I pray as I send this letter that you will be encouraged and lifted up and I pray that you, as I have been, will be encouraged to lay those burdens down that you’ve been carrying – those burdens you were never meant to carry as a handmaiden of the LORD. It is for freedom that Christ has set us free. If you’ve got things that are hounding you, trials or fears, hopelessness or regret… I pray this day you’ll seek the Face of the LORD and rest in His sovereign grace that He’s already there and you need only to sit at His Feet.

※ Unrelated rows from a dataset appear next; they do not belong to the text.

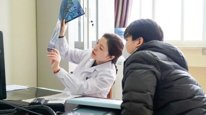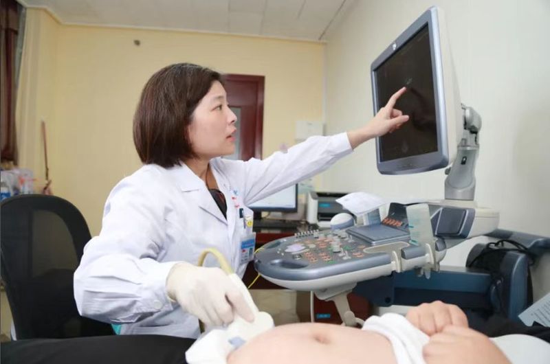 郑州大学第三隶属医院医学遗传与产前诊断科主任、河南省降生缺陷防治规画办公室主任刘灵在给患者做磨难。受访者供图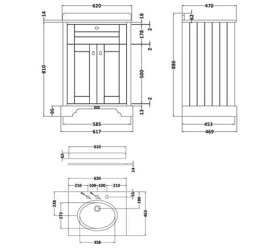 - Size for 600mm and 800mm: Depth 463mm x Height 268mm.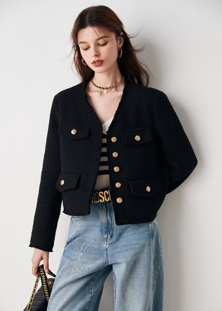 The V-neck makes it look neat, and even though it's black, it doesn't look heavy.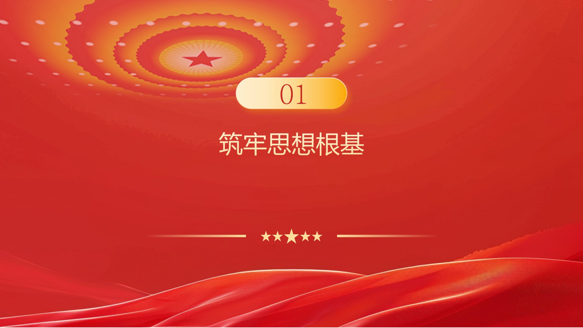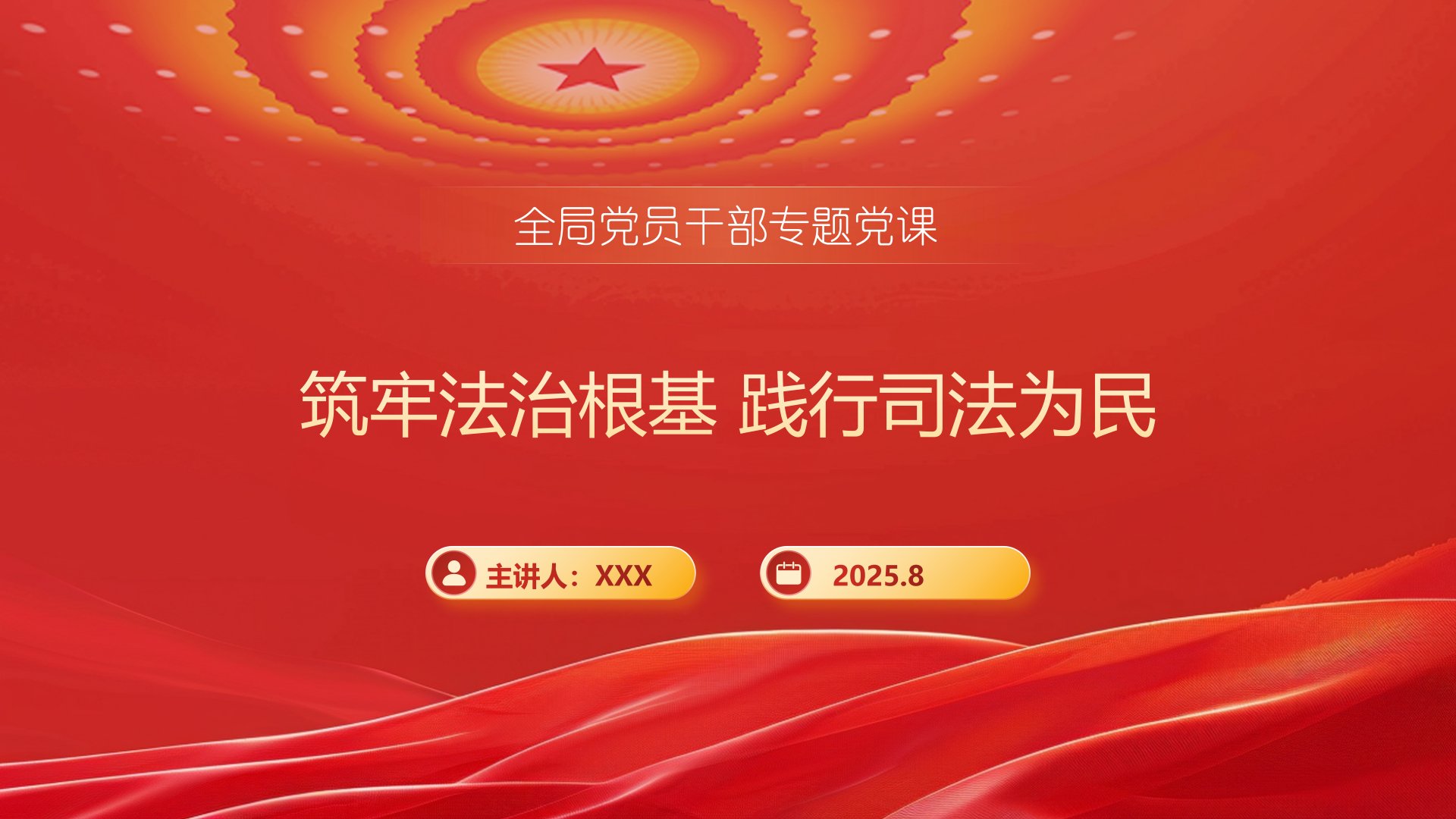 全局党员干部专题党课主讲人:习近平2025.8筑牢法治根基践行司法为民目录担当作为展现风采2.1.筑牢思想根基加强队伍建设3.01筑牢思想根基党的领导是社会主义法治最根本的保证,是司法行政工作的“根”与“魂”,贯穿于我国法治建设的全过程,必须把讲政治摆在首位,深刻领悟“两个确立”的决定性意义,增强“四个意识”、坚定“四个自信”、做到“两个维护”。”党的领导是法治根基要健全完善党领导司法行政工作的制度机制,严格执行重大事项请示报告制度,确保党始终总揽全局、协调各方,使党的路线方针政策和上级党委的决策部署在全市司法行政系统不折不扣地贯彻执行。”完善领导制度机制坚持党的绝对领导站稳人民立场我们党的根...

Stand fast therefore in the liberty wherewith Christ hath made us free,
and be not entangled again with the yoke of bondage.” Galatians 5.1
I look forward to resuming writing letters to you all each week and trust the LORD will guide my thoughts and words as I share with you. Until next week, may the LORD bless you, your home and your family as you serve them and Him.
If we confess our sins, he is faithful and just to forgive us our sins,
and to cleanse us from all unrighteousness.”